** YOUR GOAL **
A faithful repeat of all the records, with no image kept, is the required answer.

** DATA SHOWN **
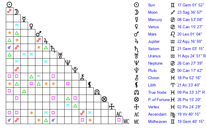 | Jupiter | 21 Aquarius 58 | 29 Gemini 44 | 12 Aquarius 21 |
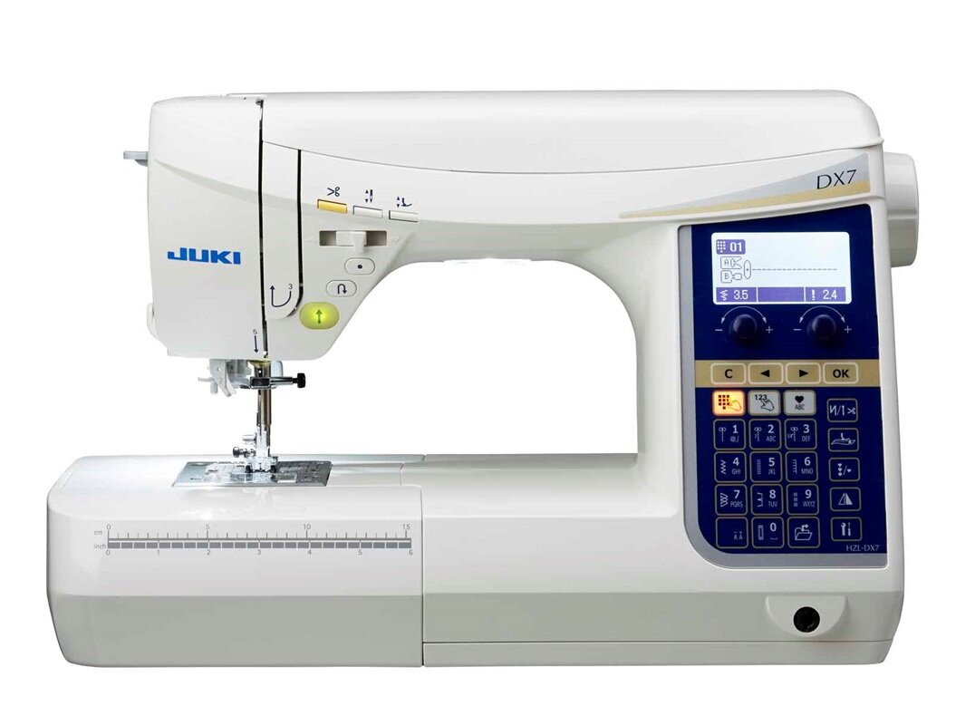 Šijací stroj Juki HZL - DX7 je nový špičkový elektronický šijací a quiltovací stroj pre domácnosť s priemyselným systémom podávania látky. Vybavený 287 druhmi stehov vr. 4 typov písma a funkcií vznášania pätky.
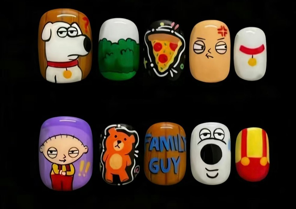 Family Guy karakterleri ve temalı tasarımlar içeren renkli tırnak süsleri. Tırnaklarınıza eğlenceli bir dokunuş katın.
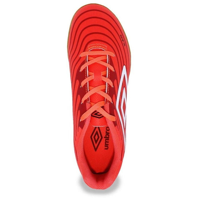 A Chuteira Futsal Umbro Glaze segue um visual minimalista com cores foscas e linhas fluidas brilhantes que trazem elegância e modernidade para o modelo. As texturas no cabedal auxiliam o controle direcional de bola nos momentos dos passes e dribles dentro das quadras. Cabedal confeccionado em material fosco laminado e texturizado. Possui forro em tecido com acabamento luvado, aplicação de grafismo linear em ton sur ton com efeito glow, Diamante Umbro em destaque na lateral, assinatura Glaze aplicada na parte frontal e palmilha macia em EVA com tecido forrado. O solado de futebol indoor é construído em borracha resistente com função antiderrapante.ref: M13DIZ
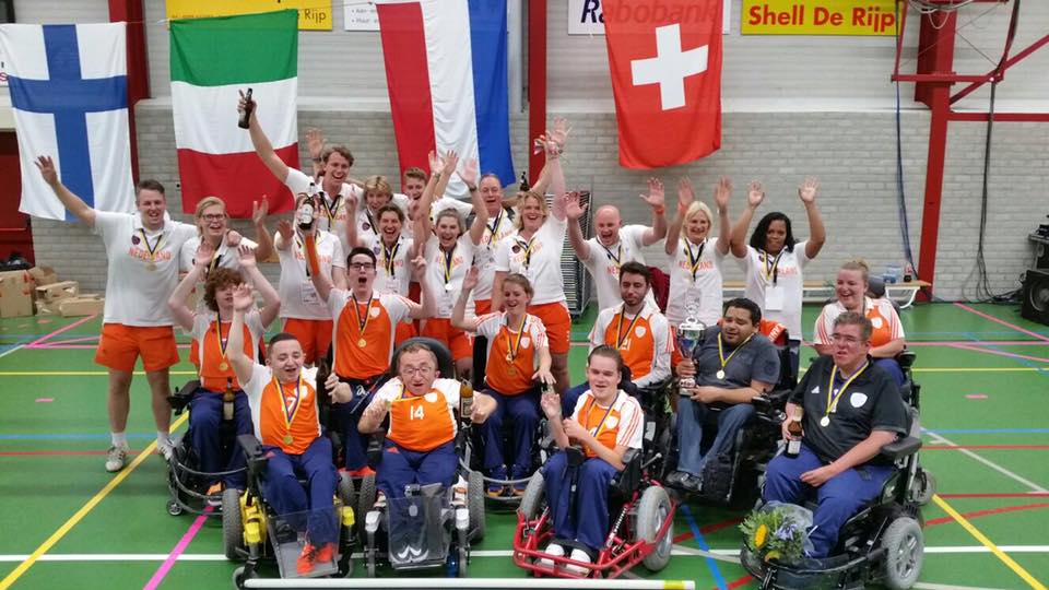 De Nederlandse powerchair-hockeyers zijn in De Rijp afgelopen zondag Europees kampioen geworden. In de finale waren de Oranje-spelers met 7-2 te sterk voor Italië. ‘De echte finale was eigenlijk de halve finale’, vond bondscoach Paul Mennink. Toen wonnen de Nederlandse rolstoelhockeyers in een bijzonder spannend duel nipt met 6-5 van België. Regerend wereldkampioen Nederland prolongeerde in De Rijp de Europese titel. ‘We zijn nu nóg meer de te kloppen ploeg.’

** RESPONSE BOX **
 | Jupiter | 21 Aquarius 58 | 29 Gemini 44 | 12 Aquarius 21 |
 Šijací stroj Juki HZL - DX7 je nový špičkový elektronický šijací a quiltovací stroj pre domácnosť s priemyselným systémom podávania látky. Vybavený 287 druhmi stehov vr. 4 typov písma a funkcií vznášania pätky.
 Family Guy karakterleri ve temalı tasarımlar içeren renkli tırnak süsleri. Tırnaklarınıza eğlenceli bir dokunuş katın.
 A Chuteira Futsal Umbro Glaze segue um visual minimalista com cores foscas e linhas fluidas brilhantes que trazem elegância e modernidade para o modelo. As texturas no cabedal auxiliam o controle direcional de bola nos momentos dos passes e dribles dentro das quadras. Cabedal confeccionado em material fosco laminado e texturizado. Possui forro em tecido com acabamento luvado, aplicação de grafismo linear em ton sur ton com efeito glow, Diamante Umbro em destaque na lateral, assinatura Glaze aplicada na parte frontal e palmilha macia em EVA com tecido forrado. O solado de futebol indoor é construído em borracha resistente com função antiderrapante.ref: M13DIZ
 De Nederlandse powerchair-hockeyers zijn in De Rijp afgelopen zondag Europees kampioen geworden. In de finale waren de Oranje-spelers met 7-2 te sterk voor Italië. ‘De echte finale was eigenlijk de halve finale’, vond bondscoach Paul Mennink. Toen wonnen de Nederlandse rolstoelhockeyers in een bijzonder spannend duel nipt met 6-5 van België. Regerend wereldkampioen Nederland prolongeerde in De Rijp de Europese titel. ‘We zijn nu nóg meer de te kloppen ploeg.’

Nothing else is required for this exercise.